Retype the material that follows exactly, limited to the lines from the one with "CCLIFE Automatik Schlauchtrommel" through the one with "- Заклинания - уникальные", and keep out all pictures.

### Given records
_ _ _ _ _

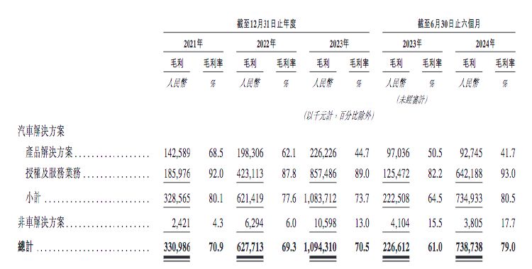 在利润方面,地平线2021年到2023年的毛利分别是3.31亿元、6.28亿元以及10.94亿元;2024年上半年的毛利达到了7.39亿元,同比增长226%。
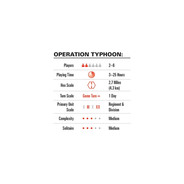 Operation Typhoon est un wargame à l’échelle opérationnelle de cet affrontement titanesque. Les joueurs ne se préoccupent pas des détails du combat tactique, ni des grandes décisions stratégiques des Hauts Commandements. Leur tâche consiste à gérer une offensive au niveau du corps d’armée et de l’armée : répartir les précieuses formations blindées, choisir des lignes défensives solides, allouer les ravitaillements, et affecter les unités aériennes au soutien au sol ou à des missions d’interdiction. Le vainqueur sera celui qui fera preuve de la plus grande ingéniosité et du meilleur sens opérationnel.
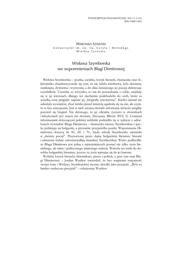 POSTSCRIPTUM POLONISTYCZNE, 2013 • 2 (12) ISSN 1898-1593 WERONIKA SZWEDEK Uniwersytet im. św. św. Cyryla i Metodego Wielkie Tyrnowo Wisława Szymborska we wspomnieniach Błagi Dimitrowej Wisława Szymborska – poetka, eseistka, krytyk literacki, tłumaczka oraz felietonistka charakteryzowała się tym, że nie lubiła wścibstwa, była skromna, zamknięta, dyskretna i wyciszona, a do dnia dzisiejszego jej poezja elektryzuje czytelników. Uważała, że wszystko, co ma do powiedzenia o sobie, znajduje się w jej wierszach, dlatego też niechętnie podchodziła do osób, które za wszelką cenę pragnęły napisać jej „biografię zewnętrzną”. Kiedyś niemal nie udzielała wywiadów, choć krótko przed śmiercią zgadzała się na nie, ale czyniła to bez entuzjazmu. Jest w nich zresztą niewiele informacji, którymi mógłby pożywić się biograf. Nic dziwnego, że jej oficjalny życiorys w słownikach i leksykonach jest więcej niż skromny (Szczęsna, Bikont 2012, 5). Cennymi informacjami dotyczącymi polskiej noblistki podzieliła się w jednym z udzielonych wywiadów Błaga Dimitrowa – tłumaczka wierszy Szymborskiej z języka polskiego na bułgarski, a prywatnie przyjaciółka poetki. Wspomnienia Dimitrowej dotyczą lat 50., 60. i 70., kiedy młoda Szymborska zaistniała w „świecie poezji”. Przytoczone przez damę bułgarskiej literatury historie i zdarzenia trafnie odzwierciedlają charakter Szymborskiej. Warto podkreślić, że Błaga Dimitrowa jest jedną z najważniejszych postaci nie tylko życia literackiego, ale także i politycznego minionego stulecia. Wniosła też wiele do dorobku bułgarskiej literatury, jeszcze za życia wpisując się do jej kanonu. Wybitny krytyk literacki, dziennikarz, pisarz i polityk, a przy tym mąż Błagi Dimitrowej – Jordan Wasilew stwierdził, że bez wątpienia znajomość swojej żony i Wisławy Szymborskiej można określić jako przyjaźń. „Była to bardzo serdeczna przyjaźń” – relacjonuje Wasilew: 280 POSTSCRIPTUM POLONISTYCZNE, 2013 • 2 (12) Poetki miały ze sobą stały kontakt, tłumaczyły swoje utwory. Pamiętam, że wysyłały wzajemnie do siebie swoje dzieła. Błaga powieści, a Wisława nowe tomiki literackie. Z tym, że Błaga najczęściej prosiła Szymborską o przesłanie jej nowego dzieła. Po przeczytaniu utworów pisarek można zauważyć, jak bardzo się różniły. Jednak to nie przeszkadzało w ich relacjach. (…) Styl pisania Szymborskiej był uproszczony i skonkretyzowany, co nie oznacza, że jej utwory są łatwe do analizy. Proszę pamiętać, że uproszczony a łatwy są to dwa różne pojęcia. Z kolei Błaga pisała w sposób nieco bardziej złożony. (…) Poznały się w Polsce, bo tam bardzo często jeździła moja żona. I ja również jeden raz byłem z nią w Krakowie. Wtedy poznałem Wisławę, siedzieliśmy przy stoliku, piliśmy kawę, tak jak my teraz. Pamiętam, że była bardzo cicha, spokojna, wręcz małomówna (materiały własne). Sama Dimitrowa wspomina, że na początku lat 50. poznała w Polsce młodą poetkę, która właśnie wydała swój pierwszy tomik poezji Dlatego żyjemy. Nie wiedziała wtedy, że znajdzie się ona w gronie największych poetów naszych czasów. Po powrocie do kraju zainteresowała się twórczością Szymborskiej i przetłumaczyła kilka z jej wczesnych wierszy. Wkrótce na zaproszenie bułgarskiej poetki Wisława przyjechała do Bułgarii. Zgodnie z ówczesnym zwyczajem odwiedzający nasz kraj goście zagraniczni musieli jak najwięcej zobaczyć (…), co ich kompletnie wycieńczało – relacjonuje Dimitrowa. Uprzejmie podporządkowywali się przygotowanemu programowi, słuchali i kiwali głowami, nie bardzo w końcu zdając sobie sprawę, dokąd ich wieziemy i co im każemy oglądać. Wisława z rozbrajającą szczerością przeciwstawiła się temu, wywracając do góry nogami cały scenariusz. Najczęściej podróżowałyśmy samochodem, nocą, pokonując wąskie, wyboiste szosy. Pamiętam, jak zanosiła się śmiechem, utyskując na owe nocne przygody: „Kto mnie okłamał, że Bułgaria jest małym krajem? Jedziemy i jedziemy, a końca nie widać!” I ciągle pytała: „Jeszcze nie przyjechaliśmy? A może w tych ciemnościach minęliśmy granicę i teraz nas niesie Bóg wie dokąd?” Po całonocnym trzęsieniu się w samochodzie zatrzymywałyśmy się w jakimś prowincjonalnym sennym hoteliku. Szybkie śniadanie i oczywiście kawa po turecku. Wówczas ja, prowokowana figlarnym uśmiechem Wisławy, zaczynałam jej wróżyć z fusów: sukcesy, nagrody za poezję ale to jej wcale nie interesowało. Z ciekawością wpatrywała się w hieroglify na dnie filiżanki. Przypadkowo wtrącone ogólnikowe sformułowanie „zmiana w życiu” rozbawiło ją do łez, ale zarazem zaintrygowało. Potem aż do końca pobytu w Bułgarii powtarzała jak zaklęcie: „Zmiana w życiu, zmiana w życiu”, niby to żartem, ale tak, jakby rzeczywiście oczekiwała jakiejś decydującej zmiany (Dimitrowa 2000, 18). WERONIKA SZWEDEK: Wisława Szymborska we wspomnieniach Błagi Dimitrowej 281 Szymborska, odlatując z Bułgarii, z lotniska w Sofii i żegnając się z Błagą, zawołała: „Zmiana w życiu!” (Dimitrowa 2000, 18). Przepowiednia Dimitrowej, choć wypowiedziana żartem, spełniła się. Po czterdziestu latach, dokładnie 3 października 1996 r., w pierwszy czwartek miesiąca, jak nakazuje tradycja, Akademia Szwedzka przyznała Wisławie Szymborskiej Nagrodę Nobla w dziedzinie literatury. W uzasadnieniu tej decyzji napisano, że nagrodzono „poezję, która z ironiczną precyzją pozwala wydobyć historyczny i biologiczny kontekst fragmentów ludzkiej rzeczywistości” (Zeler 1996, 7). Szymborska jako poetka była realistką, rzeczową i antymetafizyczną. Niezwykle ostrożna i dyskretna, nieskładająca łatwych deklaracji. Unikała patosu jak ognia, wybierała przeważnie buffo niż serio, lubiła żart oraz ironię. Była osobą do
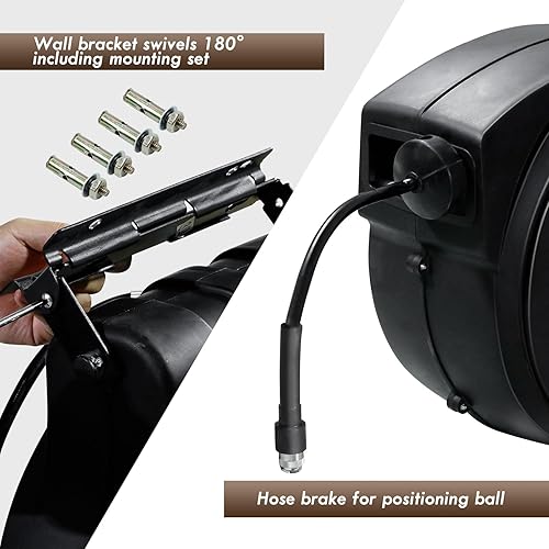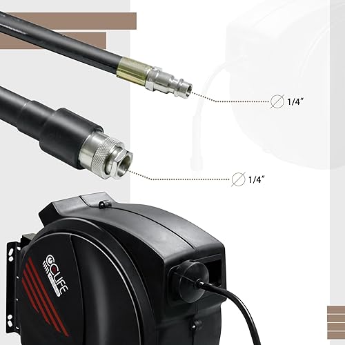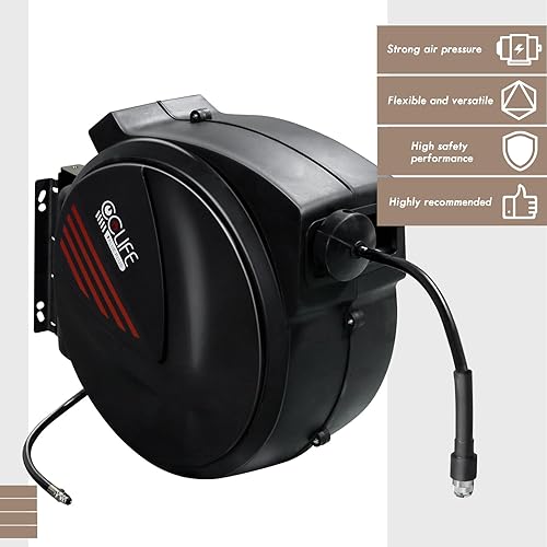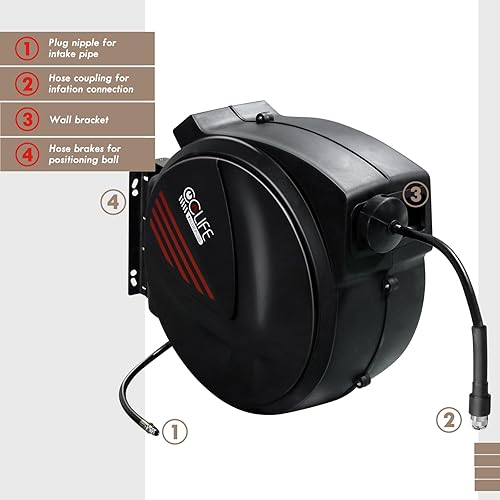 CCLIFE Automatik Schlauchtrommel 29m+1m mit Druckluftpistole, 15 Bar max, 1/4' Schnellkupplung, Innendurchmesser 8mm Stärke Wandung 2mm Druckluftschlauchtrommel Wandhalterung
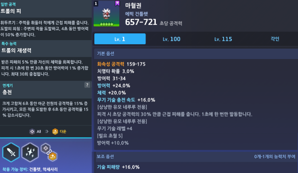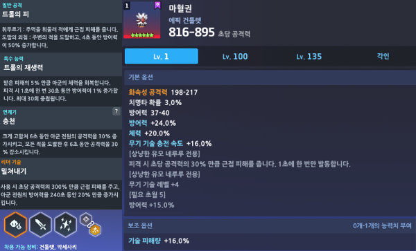 | 개화 변경점 | [리더 기술 추가 및 능력치 상승] - 밀쳐내기 ㄴ 사용 시 초당 공격력의 300% 만큼 근접 피해를 주고, 아군 전원의 방어력을 240초 동안 20% 만큼 증가시킵니다. |
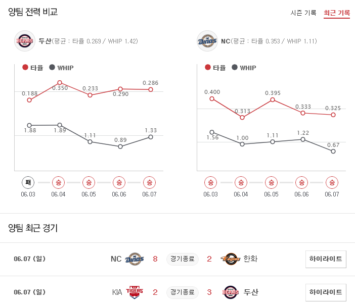 좌완투수 최성영이 등판하는 NC. 두산이 좌완투수에는 다소 약한 모습을 보여주고 있는 만큼 고졸 신인투수 조제영이 등판하는 두산과의 선발 대결에서도 우위를 기대할 수 있다. 더불어 지난 주 팀 OPS가 1.035에 이를 정도로 압도적인 타격을 보여주고 있는 NC의 기세를 고려하면 좌완투수에 약한 두산 상대로 1차전은 NC의 승리를 예상한다.
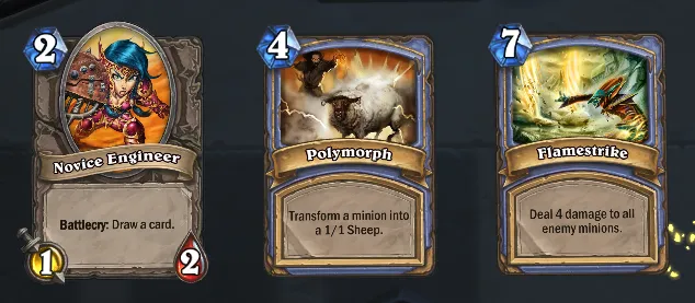 - Заклинания - уникальные для каждого класса карты, отличающиеся разнообразием эффектов. Например, маги способны превращать вражеских миньонов в овец и наносить прямой урон, жрецы лечат и тащат карты из колоды противника (это так в игре представлен контроль над разумом), а чернокнижники расплачиваются за всякие бонусы своими очками жизни.
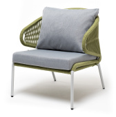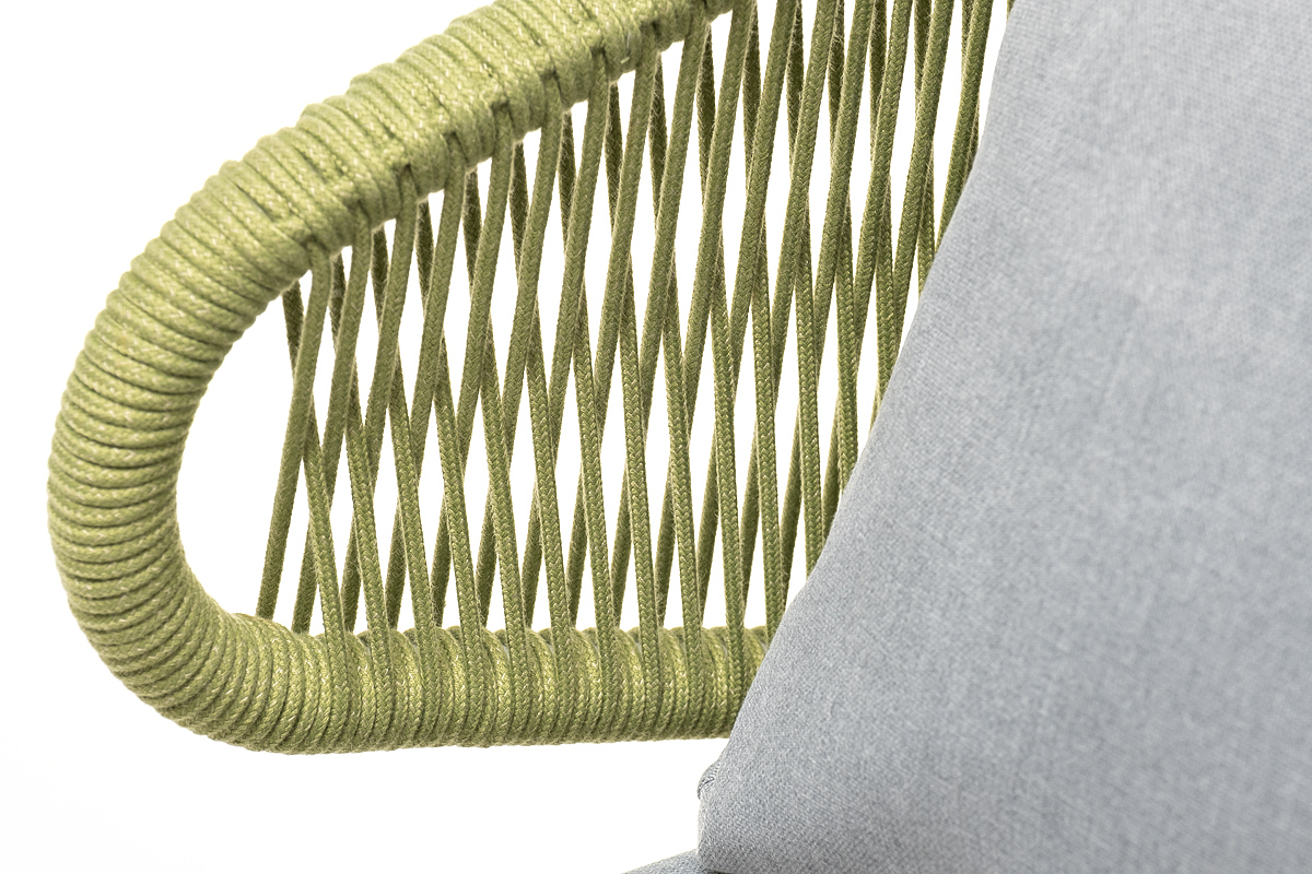 "Милан" кресло плетеное из роупа, каркас алюминий светло-серый (RAL7035) муар, роуп салатовый меланж круглый, ткань светло-серая

_ _ _ _ _

### Result
 CCLIFE Automatik Schlauchtrommel 29m+1m mit Druckluftpistole, 15 Bar max, 1/4' Schnellkupplung, Innendurchmesser 8mm Stärke Wandung 2mm Druckluftschlauchtrommel Wandhalterung
 | 개화 변경점 | [리더 기술 추가 및 능력치 상승] - 밀쳐내기 ㄴ 사용 시 초당 공격력의 300% 만큼 근접 피해를 주고, 아군 전원의 방어력을 240초 동안 20% 만큼 증가시킵니다. |
 좌완투수 최성영이 등판하는 NC. 두산이 좌완투수에는 다소 약한 모습을 보여주고 있는 만큼 고졸 신인투수 조제영이 등판하는 두산과의 선발 대결에서도 우위를 기대할 수 있다. 더불어 지난 주 팀 OPS가 1.035에 이를 정도로 압도적인 타격을 보여주고 있는 NC의 기세를 고려하면 좌완투수에 약한 두산 상대로 1차전은 NC의 승리를 예상한다.
 - Заклинания - уникальные для каждого класса карты, отличающиеся разнообразием эффектов. Например, маги способны превращать вражеских миньонов в овец и наносить прямой урон, жрецы лечат и тащат карты из колоды противника (это так в игре представлен контроль над разумом), а чернокнижники расплачиваются за всякие бонусы своими очками жизни.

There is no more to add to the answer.